▶ [EXERCISE INSTRUCTIONS]: Leaving the pictures aside, write out the whole listing below exactly.

══ SUPPLIED MATERIAL

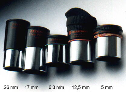 | Meine (Plössl)-Okulare Natürlich kommt man mit dem einen, mit dem Teleskop mitgelieferten Okular nicht aus. Bei meinem C9 war ein 26 mm Plössl-Okular im Lieferumfang enthalten. Das ist ein Standardokular von optisch passabler Qualität (Made in Taiwan). Für höhere Vergrößerungen habe ich mir dann ein 12,5 mm und ein 5 mm Plössl-Okular aus der Ultima-Serie (Made in Japan) von Celestron geleistet. Beides sind modifizierte Plössl-Okulare mit 5 Linsen, während die normalen Plössl-Okulare 4-linsig sind. Das Eigengesichtsfeld beträgt bei allen Okulare 50-52°. Das Einblickverhalten, d.h. Augenabstand und Finden der besten Einblickposition ist bei den 26 mm und 12,5 mm Okularen gut, beim 5 mm Okular klebt man mit dem Auge auf der Linse. Bei der Fotografie von Objekten des Sonnensystems mittels Okularprojektion hatte ich festgestellt, daß zwischen dem 26 mm und dem 12,5 mm Okular noch eine Lücke klaffte. Die habe ich dann mit dem 17 mm Plössl-Okular (Standard-Serie) geschlossen. Für die Okularprojektion ist es ganz in Ordnung, aber das Einblickverhalten ist für meine Begriffe etwas problematisch: Ich habe nämlich Probleme, die richtige Einblickposition zu finden. Das 6,3 mm Plössl-Okular (Standard-Serie) habe ich mir als Fokussierokular angeschafft. Dafür tut es seinen Dienst, und ich brauche nicht das "gute" 5 mm Ultima zu nehmen. Überhaupt, aufgrund der Seeing-Bedingungen kommt das 5 mm Okular nur selten zum Einsatz. Meistens ist die Luft viel zu unruhig, um mit dem 5 mm Okular wirklich noch mehr sehen zu können. Aber wenn die Luft ruhig ist, dann sind Planetenbeobachtungen oder Kugelsternhaufen mit dem C9 und dem 5 mm Okular ein Genuß! M13 erscheint vollformatig und in tausende nadelfeiner Lichtpünktchen aufgelöst. Jupiter und Saturn füllen einen Großteil des Blickfelds aus und lassen viele Strukturen in den Wolkenbändern erkennen. Auf dem obigen Bild fallen wahrscheinlich sofort die farbigen Gummiringe um die Steckhülsen einige Okulare auf. Mit diesem Trick habe ich die Okulare homofokal gemacht. Auch wenn die Hersteller behaupten, ihre Okulare seien homofokal, kommt man letztendlich nicht darum herum, beim Okularwechsel doch noch ein bißchen nachfokussieren zu müssen. Da mir das auf die Nerven ging und vor allem bei meinem Okularadapter beim Wechsel zwischen Zentrier- und Fokussierokular nicht tolerierbar war, habe ich durch Probieren herausgefunden, daß die Fokuslage der verschiedenen Okulare sich doch um deutlich meßbare Strecken unterscheidet. Dadurch kann man ganz normale Gummiringe in der erforderlichen Anzahl über die Okularsteckhülse streifen und hat wirklich homofokale Okulare, bei denen nach einem Okularwechsel nicht nachfokussiert werden braucht. Nicht abgebildet sind meine apochromatische Barlow-Linse, die ich meistens in Verbindung mit dem 9 mm Plössl-Fadenkreuzokular zum genaueren Nachführen benutze, und mein neuestes Okualar, ein 9 mm Nagler mit unglaublichen 82° Eigengesichtsfeld. Damit kann man tatsächlich um die Ecke sehen, d.h. die Gesichtsfeldblende ist größer als das Gesichtsfeld von etwa 60°, das man auf einmal überblicken kann. Und dabei bietet das Okular noch einen angenehmen Augenabstand beim Einblick. | |
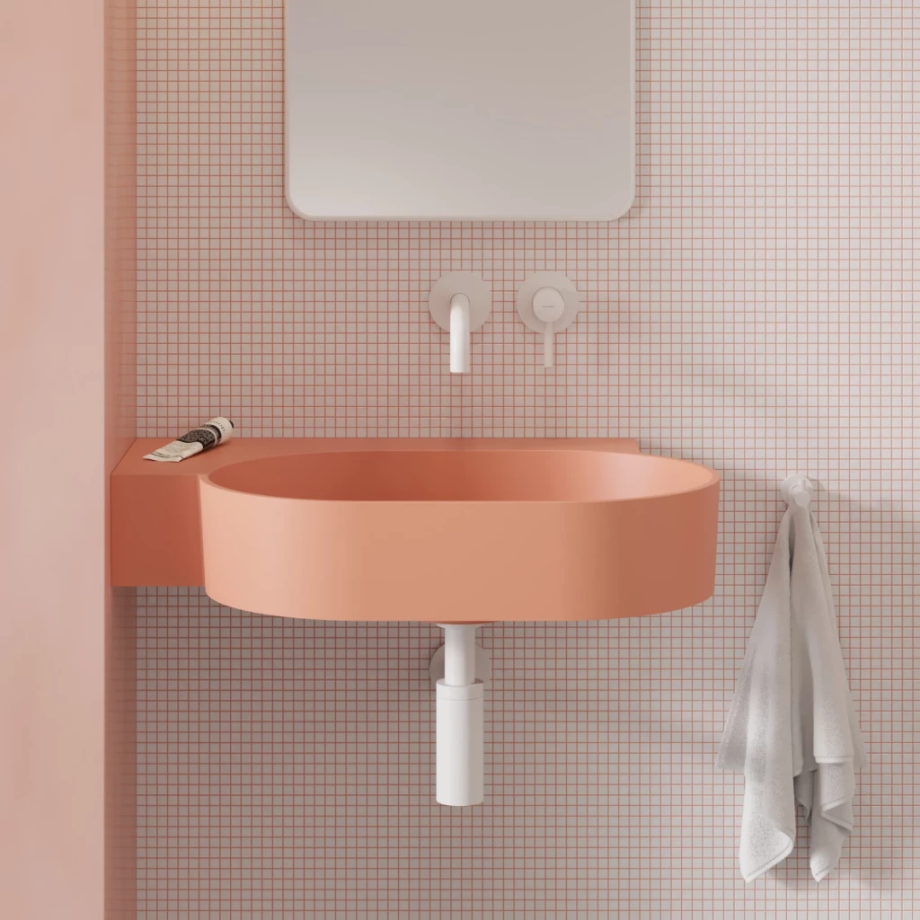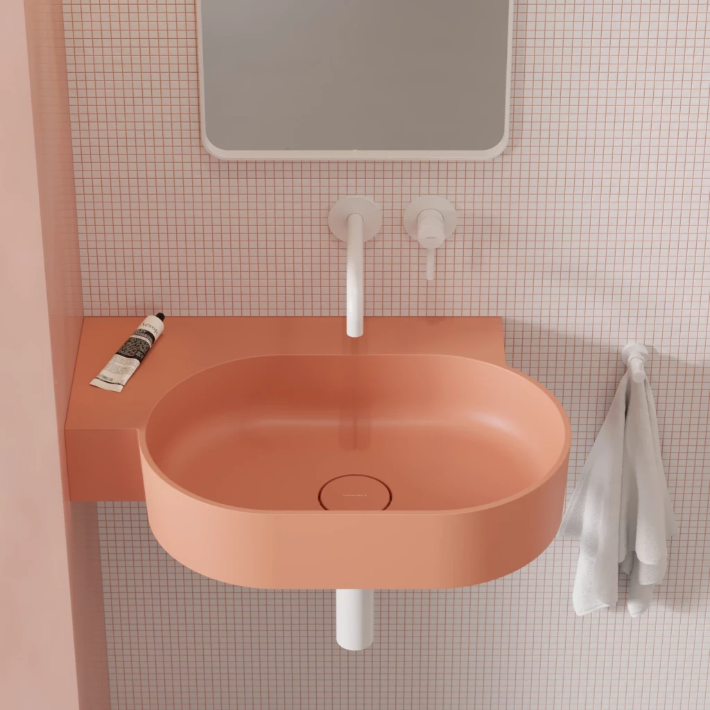 OVO v koralovej farbe (RAL3012) je umývadlo v decentnom odtieni ružovej so zamatovo hebkým matným povrchom. .
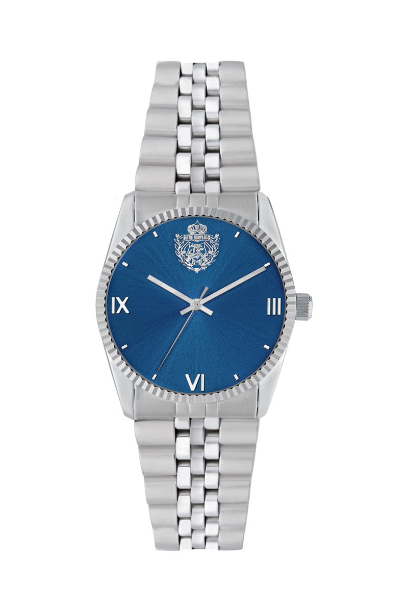 Montre à quartz en acier - Argenté et bleu marine

════

▶ [ANSWER FOR THIS EXERCISE]:
 | Meine (Plössl)-Okulare Natürlich kommt man mit dem einen, mit dem Teleskop mitgelieferten Okular nicht aus. Bei meinem C9 war ein 26 mm Plössl-Okular im Lieferumfang enthalten. Das ist ein Standardokular von optisch passabler Qualität (Made in Taiwan). Für höhere Vergrößerungen habe ich mir dann ein 12,5 mm und ein 5 mm Plössl-Okular aus der Ultima-Serie (Made in Japan) von Celestron geleistet. Beides sind modifizierte Plössl-Okulare mit 5 Linsen, während die normalen Plössl-Okulare 4-linsig sind. Das Eigengesichtsfeld beträgt bei allen Okulare 50-52°. Das Einblickverhalten, d.h. Augenabstand und Finden der besten Einblickposition ist bei den 26 mm und 12,5 mm Okularen gut, beim 5 mm Okular klebt man mit dem Auge auf der Linse. Bei der Fotografie von Objekten des Sonnensystems mittels Okularprojektion hatte ich festgestellt, daß zwischen dem 26 mm und dem 12,5 mm Okular noch eine Lücke klaffte. Die habe ich dann mit dem 17 mm Plössl-Okular (Standard-Serie) geschlossen. Für die Okularprojektion ist es ganz in Ordnung, aber das Einblickverhalten ist für meine Begriffe etwas problematisch: Ich habe nämlich Probleme, die richtige Einblickposition zu finden. Das 6,3 mm Plössl-Okular (Standard-Serie) habe ich mir als Fokussierokular angeschafft. Dafür tut es seinen Dienst, und ich brauche nicht das "gute" 5 mm Ultima zu nehmen. Überhaupt, aufgrund der Seeing-Bedingungen kommt das 5 mm Okular nur selten zum Einsatz. Meistens ist die Luft viel zu unruhig, um mit dem 5 mm Okular wirklich noch mehr sehen zu können. Aber wenn die Luft ruhig ist, dann sind Planetenbeobachtungen oder Kugelsternhaufen mit dem C9 und dem 5 mm Okular ein Genuß! M13 erscheint vollformatig und in tausende nadelfeiner Lichtpünktchen aufgelöst. Jupiter und Saturn füllen einen Großteil des Blickfelds aus und lassen viele Strukturen in den Wolkenbändern erkennen. Auf dem obigen Bild fallen wahrscheinlich sofort die farbigen Gummiringe um die Steckhülsen einige Okulare auf. Mit diesem Trick habe ich die Okulare homofokal gemacht. Auch wenn die Hersteller behaupten, ihre Okulare seien homofokal, kommt man letztendlich nicht darum herum, beim Okularwechsel doch noch ein bißchen nachfokussieren zu müssen. Da mir das auf die Nerven ging und vor allem bei meinem Okularadapter beim Wechsel zwischen Zentrier- und Fokussierokular nicht tolerierbar war, habe ich durch Probieren herausgefunden, daß die Fokuslage der verschiedenen Okulare sich doch um deutlich meßbare Strecken unterscheidet. Dadurch kann man ganz normale Gummiringe in der erforderlichen Anzahl über die Okularsteckhülse streifen und hat wirklich homofokale Okulare, bei denen nach einem Okularwechsel nicht nachfokussiert werden braucht. Nicht abgebildet sind meine apochromatische Barlow-Linse, die ich meistens in Verbindung mit dem 9 mm Plössl-Fadenkreuzokular zum genaueren Nachführen benutze, und mein neuestes Okualar, ein 9 mm Nagler mit unglaublichen 82° Eigengesichtsfeld. Damit kann man tatsächlich um die Ecke sehen, d.h. die Gesichtsfeldblende ist größer als das Gesichtsfeld von etwa 60°, das man auf einmal überblicken kann. Und dabei bietet das Okular noch einen angenehmen Augenabstand beim Einblick. | |
 OVO v koralovej farbe (RAL3012) je umývadlo v decentnom odtieni ružovej so zamatovo hebkým matným povrchom. .
 Montre à quartz en acier - Argenté et bleu marine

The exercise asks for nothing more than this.